- [WHAT TO DO] Output the data below exactly, without images.

Source data
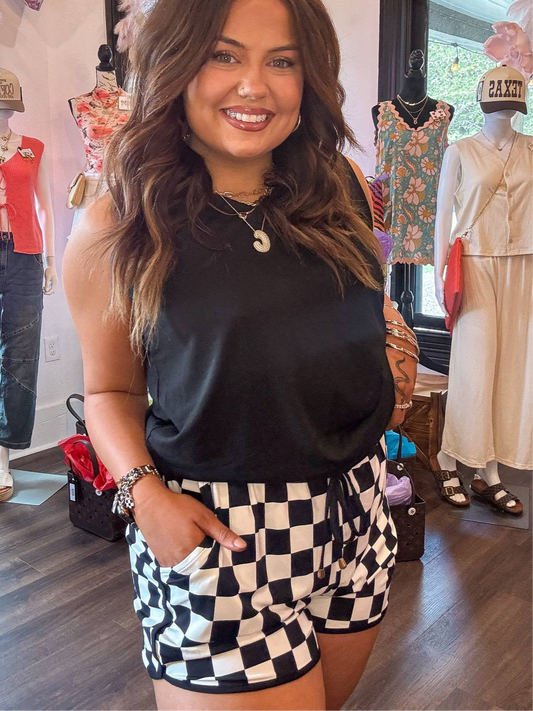 Black Checkered Drawstring Elastic Waist Casual Shorts
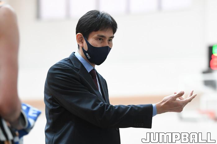 17일 이천에 위치한 LG 챔피언스파크에서 열린 2021-2022 KBL D리그 상무와 원주 DB의 경기, 상무 장창곤 감독이 작전 지시를 하고 있다.
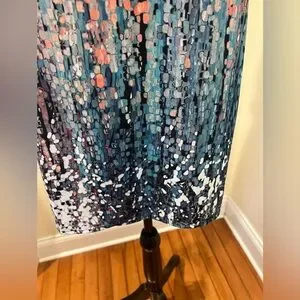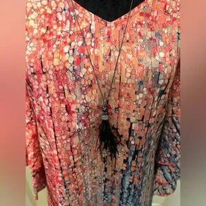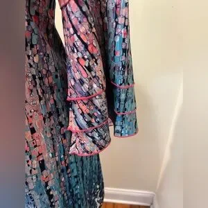 Ombre Bell Sleeve Dress V Neck Pink Teal Abstract Sz L NWT
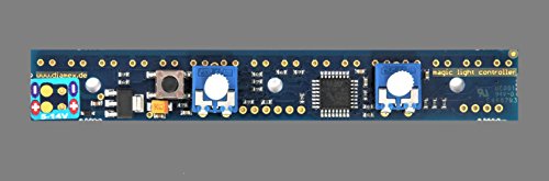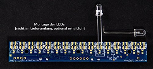 Technische gegevens: 16 lichtdiodes direct aansluitbaar, geen voorweerstanden vereist, looplicht-effecten vast geïntegreerd instellen van het gewenste effect via drukknop One-Shot functie met activering via knop of contact aansluitmogelijkheid voor externe knoppen of contacten (bijv. relais) looplichtrichtingswijziging via contact op de printplaat instelling van helderheid en snelheid via potis-besturing door microcontroller, stroomvoorziening 5 – 14 V Leveringsomvang: Magic-knipperplaat zonder gesoldeerde Lichtdiodes 2 steekassen voor potis, handleiding (mogelijk niet beschikbaar in het Nederlands) als download
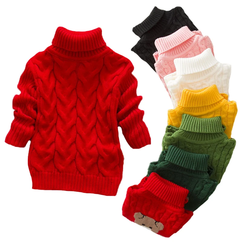 Свитер для девочек, зимний плотный вязаный джемпер с высоким воротником для мальчиков и девочек, однотонный пуловер с высоким воротником, свитер, одежда для детей
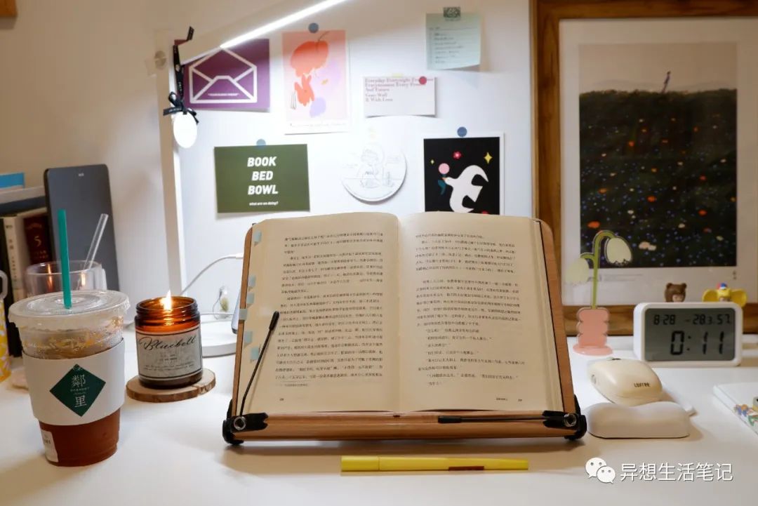 有人习惯躺着、或窝沙发上看书,但我更爱坐在桌前看,除了因为帮助更快进入状态(这一点在职考试党应该更有感触),总是低头,时间长了别说颈椎了,整个人都腰酸背痛,而且稍微厚一点的书不按着就会跑页。
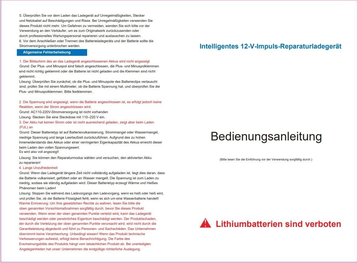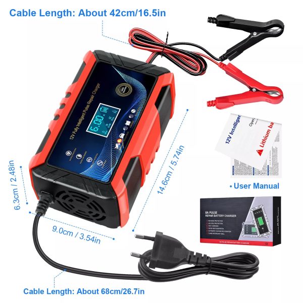 Auto-Batterie-Ladeger��t, auch Batterie-Wartungsger��t, Impuls-Reparatur-Funktion kann helfen, Ihren Verlust Batterie zu reparieren und verl��ngern die Lebensdaeine Batterie reparieren, die schwer besch��digt ist; es kann auch nicht eine Batterie zur��ck zu 100% neu reparieren.
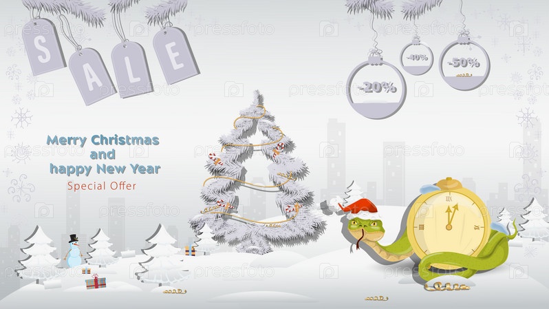 Специальное предложение Рождественская и новогодняя распродажа Змея в шапке Санта-Клауса обвивает часы рядом с елью в зимнем заснеженном лесу

- [WORKED SOLUTION]
 Black Checkered Drawstring Elastic Waist Casual Shorts
 17일 이천에 위치한 LG 챔피언스파크에서 열린 2021-2022 KBL D리그 상무와 원주 DB의 경기, 상무 장창곤 감독이 작전 지시를 하고 있다.
 Ombre Bell Sleeve Dress V Neck Pink Teal Abstract Sz L NWT
 Technische gegevens: 16 lichtdiodes direct aansluitbaar, geen voorweerstanden vereist, looplicht-effecten vast geïntegreerd instellen van het gewenste effect via drukknop One-Shot functie met activering via knop of contact aansluitmogelijkheid voor externe knoppen of contacten (bijv. relais) looplichtrichtingswijziging via contact op de printplaat instelling van helderheid en snelheid via potis-besturing door microcontroller, stroomvoorziening 5 – 14 V Leveringsomvang: Magic-knipperplaat zonder gesoldeerde Lichtdiodes 2 steekassen voor potis, handleiding (mogelijk niet beschikbaar in het Nederlands) als download
 Свитер для девочек, зимний плотный вязаный джемпер с высоким воротником для мальчиков и девочек, однотонный пуловер с высоким воротником, свитер, одежда для детей
 有人习惯躺着、或窝沙发上看书,但我更爱坐在桌前看,除了因为帮助更快进入状态(这一点在职考试党应该更有感触),总是低头,时间长了别说颈椎了,整个人都腰酸背痛,而且稍微厚一点的书不按着就会跑页。
 Auto-Batterie-Ladeger��t, auch Batterie-Wartungsger��t, Impuls-Reparatur-Funktion kann helfen, Ihren Verlust Batterie zu reparieren und verl��ngern die Lebensdaeine Batterie reparieren, die schwer besch��digt ist; es kann auch nicht eine Batterie zur��ck zu 100% neu reparieren.
 Специальное предложение Рождественская и новогодняя распродажа Змея в шапке Санта-Клауса обвивает часы рядом с елью в зимнем заснеженном лесу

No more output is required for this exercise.